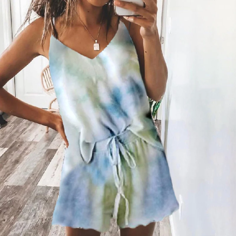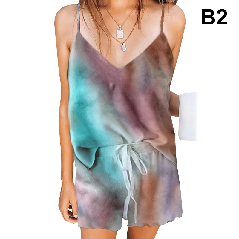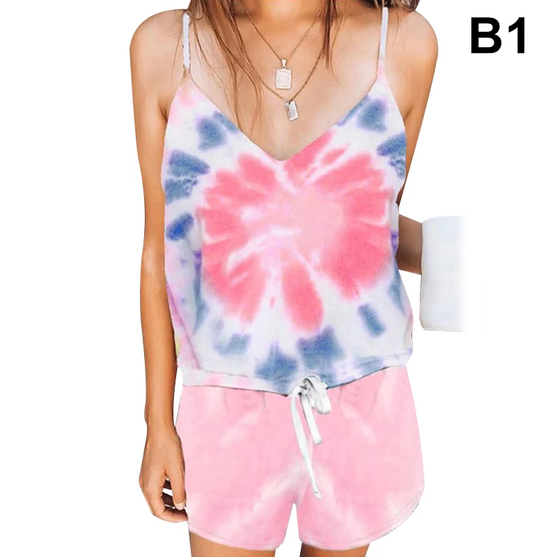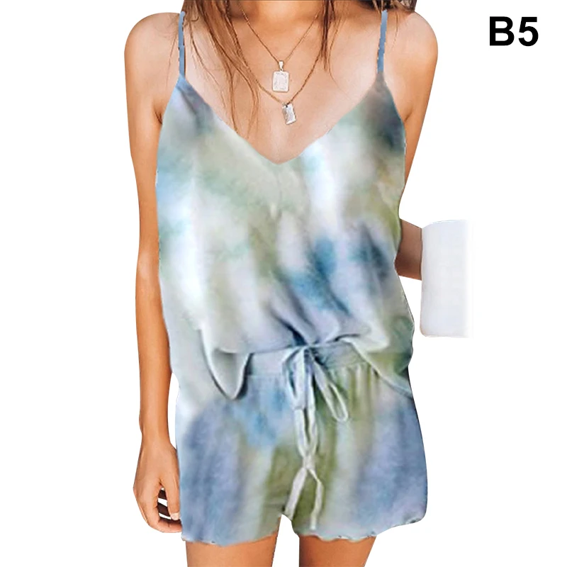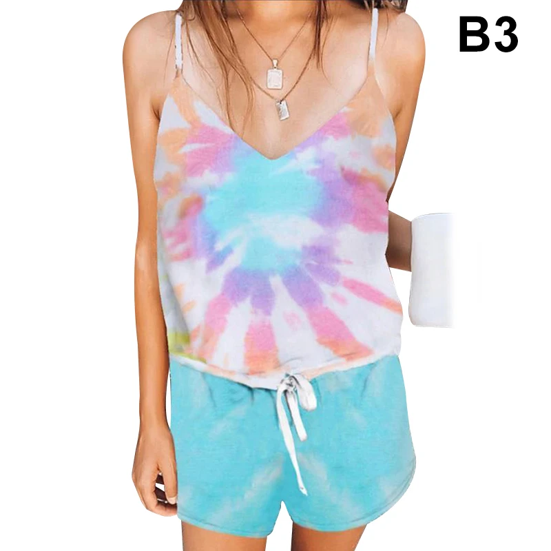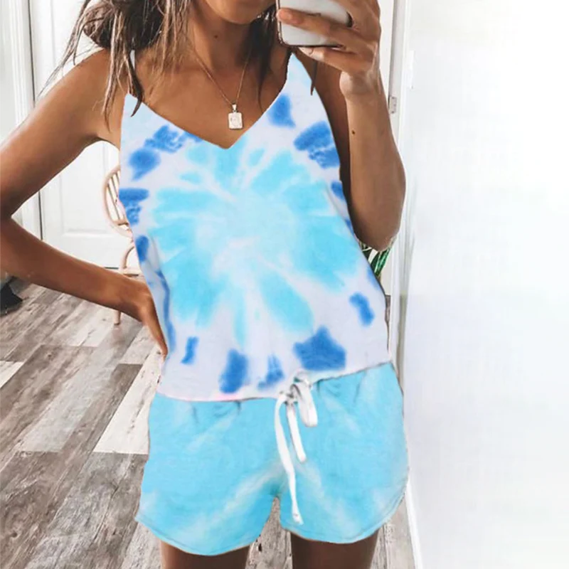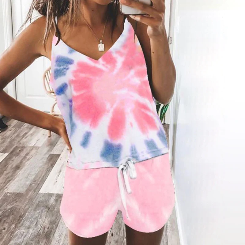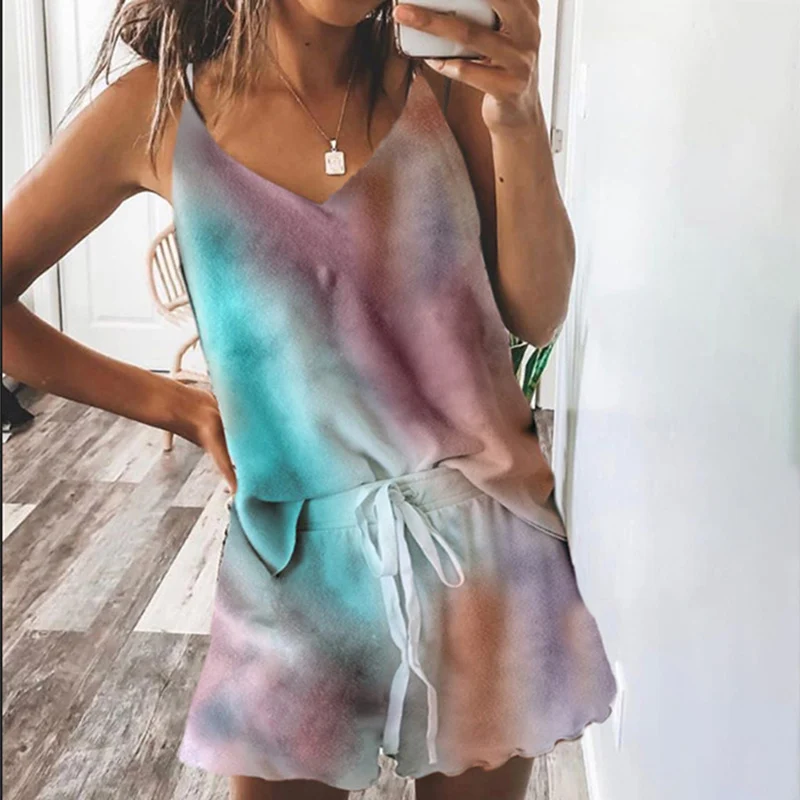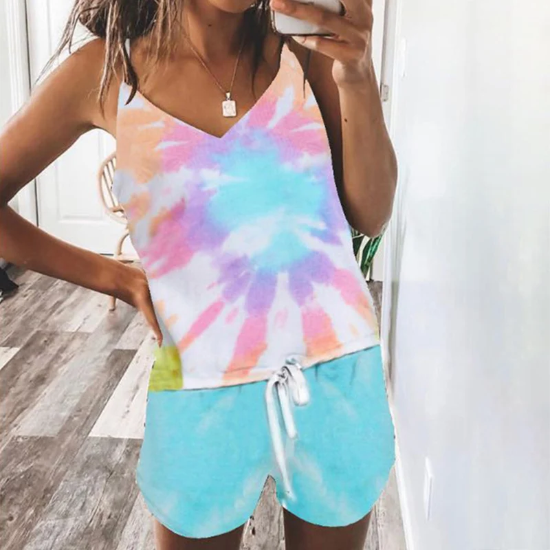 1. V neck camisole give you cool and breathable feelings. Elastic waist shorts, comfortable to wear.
====
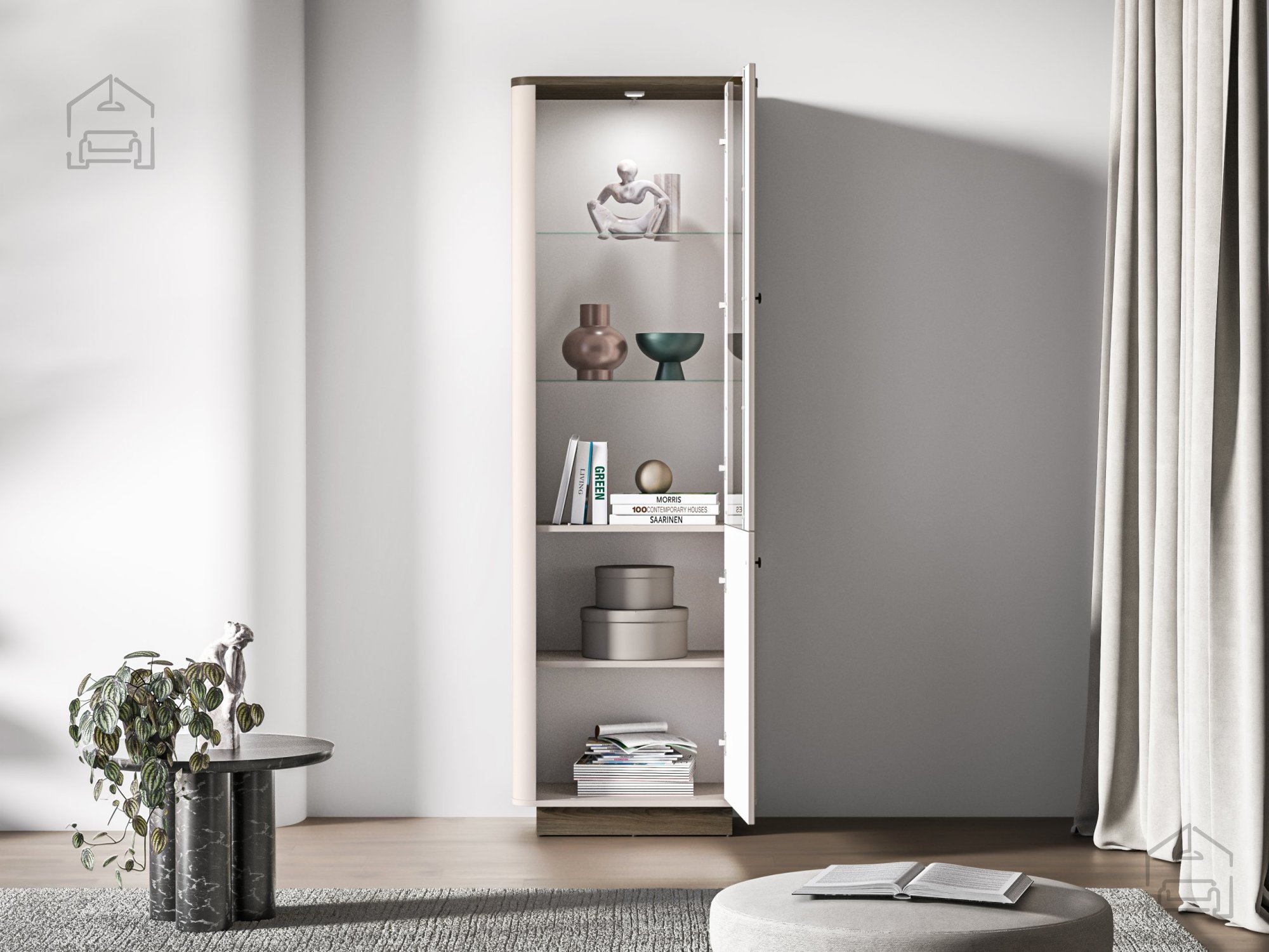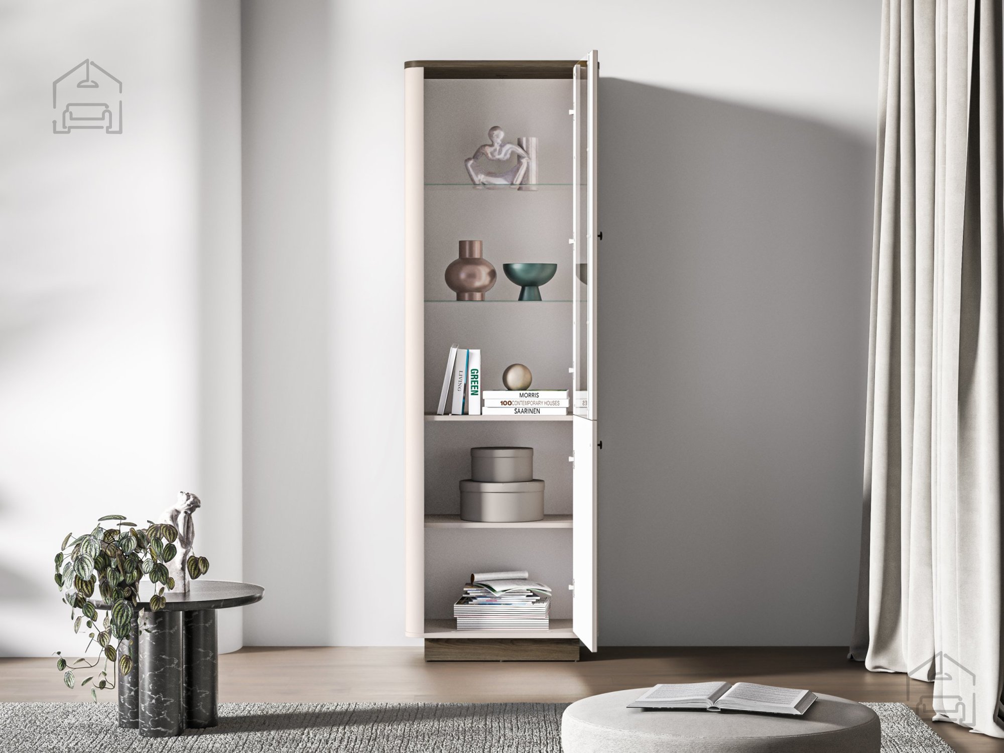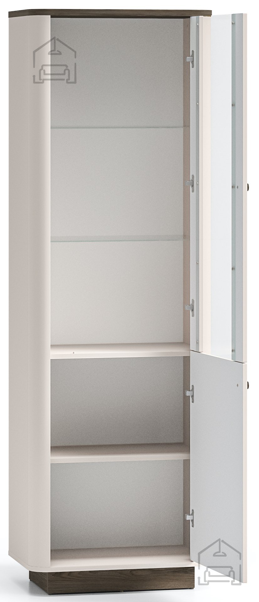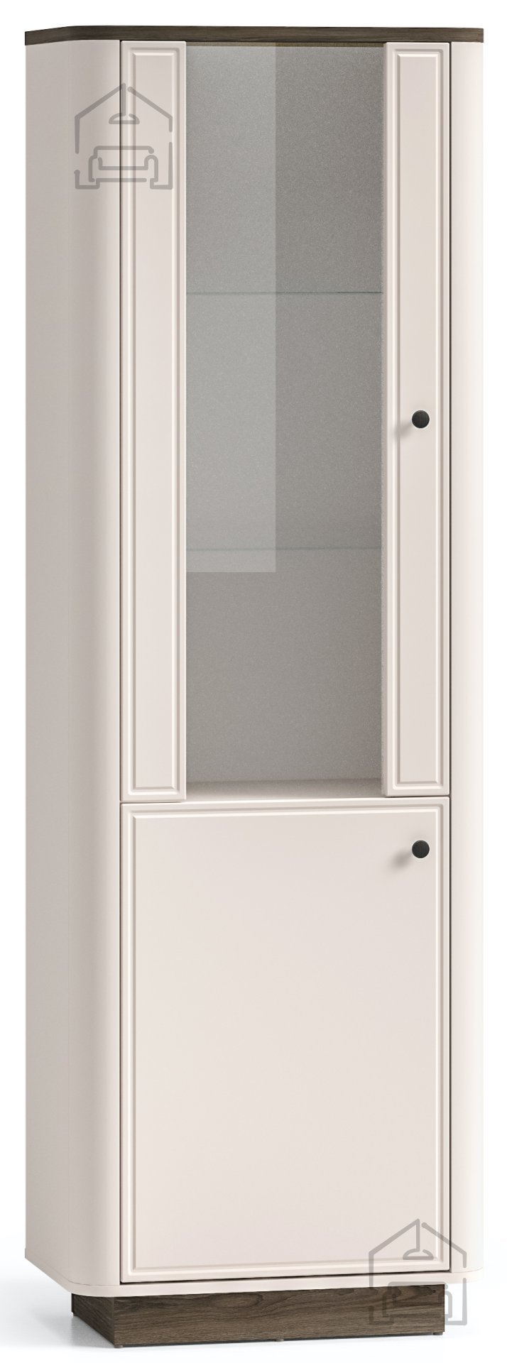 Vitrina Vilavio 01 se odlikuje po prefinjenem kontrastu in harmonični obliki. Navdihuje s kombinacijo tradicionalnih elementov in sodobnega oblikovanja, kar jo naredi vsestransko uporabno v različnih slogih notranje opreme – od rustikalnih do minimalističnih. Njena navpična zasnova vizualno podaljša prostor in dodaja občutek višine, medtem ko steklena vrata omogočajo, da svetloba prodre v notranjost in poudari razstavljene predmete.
====
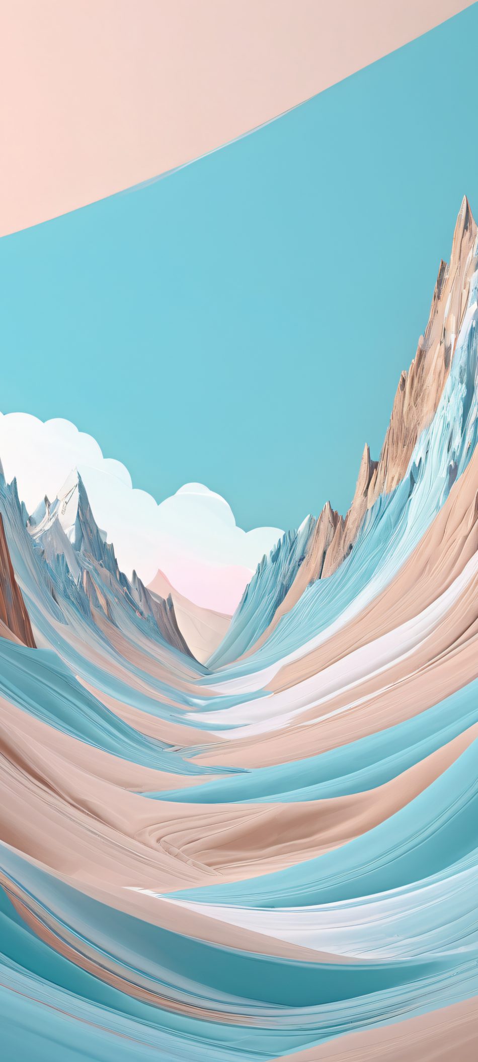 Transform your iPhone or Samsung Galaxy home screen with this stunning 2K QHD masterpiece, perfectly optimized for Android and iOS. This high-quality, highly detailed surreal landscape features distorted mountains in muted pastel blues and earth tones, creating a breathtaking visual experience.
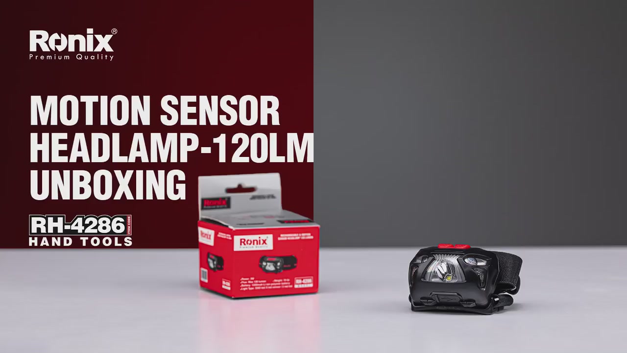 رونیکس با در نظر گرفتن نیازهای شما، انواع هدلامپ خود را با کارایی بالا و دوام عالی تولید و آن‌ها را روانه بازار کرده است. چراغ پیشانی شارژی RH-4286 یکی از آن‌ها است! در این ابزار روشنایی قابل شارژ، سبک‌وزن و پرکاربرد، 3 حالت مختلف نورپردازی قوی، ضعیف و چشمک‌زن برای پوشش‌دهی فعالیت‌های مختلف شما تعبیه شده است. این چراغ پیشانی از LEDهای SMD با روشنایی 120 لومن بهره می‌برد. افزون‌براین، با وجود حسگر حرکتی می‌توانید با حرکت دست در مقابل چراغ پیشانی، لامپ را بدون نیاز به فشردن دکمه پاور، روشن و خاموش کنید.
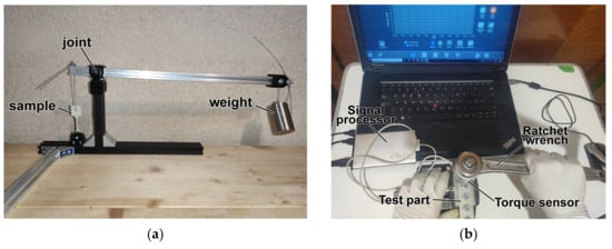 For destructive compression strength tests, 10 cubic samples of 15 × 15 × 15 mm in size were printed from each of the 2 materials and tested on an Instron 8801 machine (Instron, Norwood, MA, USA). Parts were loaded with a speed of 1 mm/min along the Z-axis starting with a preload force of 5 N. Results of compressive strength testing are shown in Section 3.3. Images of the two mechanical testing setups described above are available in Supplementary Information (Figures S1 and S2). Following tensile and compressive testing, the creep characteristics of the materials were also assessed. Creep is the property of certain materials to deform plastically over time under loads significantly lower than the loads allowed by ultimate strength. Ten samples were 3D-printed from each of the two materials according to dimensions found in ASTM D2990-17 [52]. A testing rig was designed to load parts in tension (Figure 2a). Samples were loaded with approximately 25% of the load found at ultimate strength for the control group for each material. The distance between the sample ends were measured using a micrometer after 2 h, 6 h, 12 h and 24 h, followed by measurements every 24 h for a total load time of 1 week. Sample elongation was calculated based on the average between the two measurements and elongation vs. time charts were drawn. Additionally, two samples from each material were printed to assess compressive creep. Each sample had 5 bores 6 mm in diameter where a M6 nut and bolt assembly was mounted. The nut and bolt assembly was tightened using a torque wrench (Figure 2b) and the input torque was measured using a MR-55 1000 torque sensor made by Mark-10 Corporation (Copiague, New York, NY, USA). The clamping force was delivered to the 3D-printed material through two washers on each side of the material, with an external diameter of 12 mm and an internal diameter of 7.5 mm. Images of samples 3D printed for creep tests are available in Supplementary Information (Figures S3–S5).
====
WHAT IS EXPECTED: The result should be an exact copy of only the lines above from the one that holds "Transform your iPhone" through the one that holds "رونیکس با در", both ends included, without pictures.

OUTPUT FOR THIS TASK:
 Transform your iPhone or Samsung Galaxy home screen with this stunning 2K QHD masterpiece, perfectly optimized for Android and iOS. This high-quality, highly detailed surreal landscape features distorted mountains in muted pastel blues and earth tones, creating a breathtaking visual experience.
 رونیکس با در نظر گرفتن نیازهای شما، انواع هدلامپ خود را با کارایی بالا و دوام عالی تولید و آن‌ها را روانه بازار کرده است. چراغ پیشانی شارژی RH-4286 یکی از آن‌ها است! در این ابزار روشنایی قابل شارژ، سبک‌وزن و پرکاربرد، 3 حالت مختلف نورپردازی قوی، ضعیف و چشمک‌زن برای پوشش‌دهی فعالیت‌های مختلف شما تعبیه شده است. این چراغ پیشانی از LEDهای SMD با روشنایی 120 لومن بهره می‌برد. افزون‌براین، با وجود حسگر حرکتی می‌توانید با حرکت دست در مقابل چراغ پیشانی، لامپ را بدون نیاز به فشردن دکمه پاور، روشن و خاموش کنید.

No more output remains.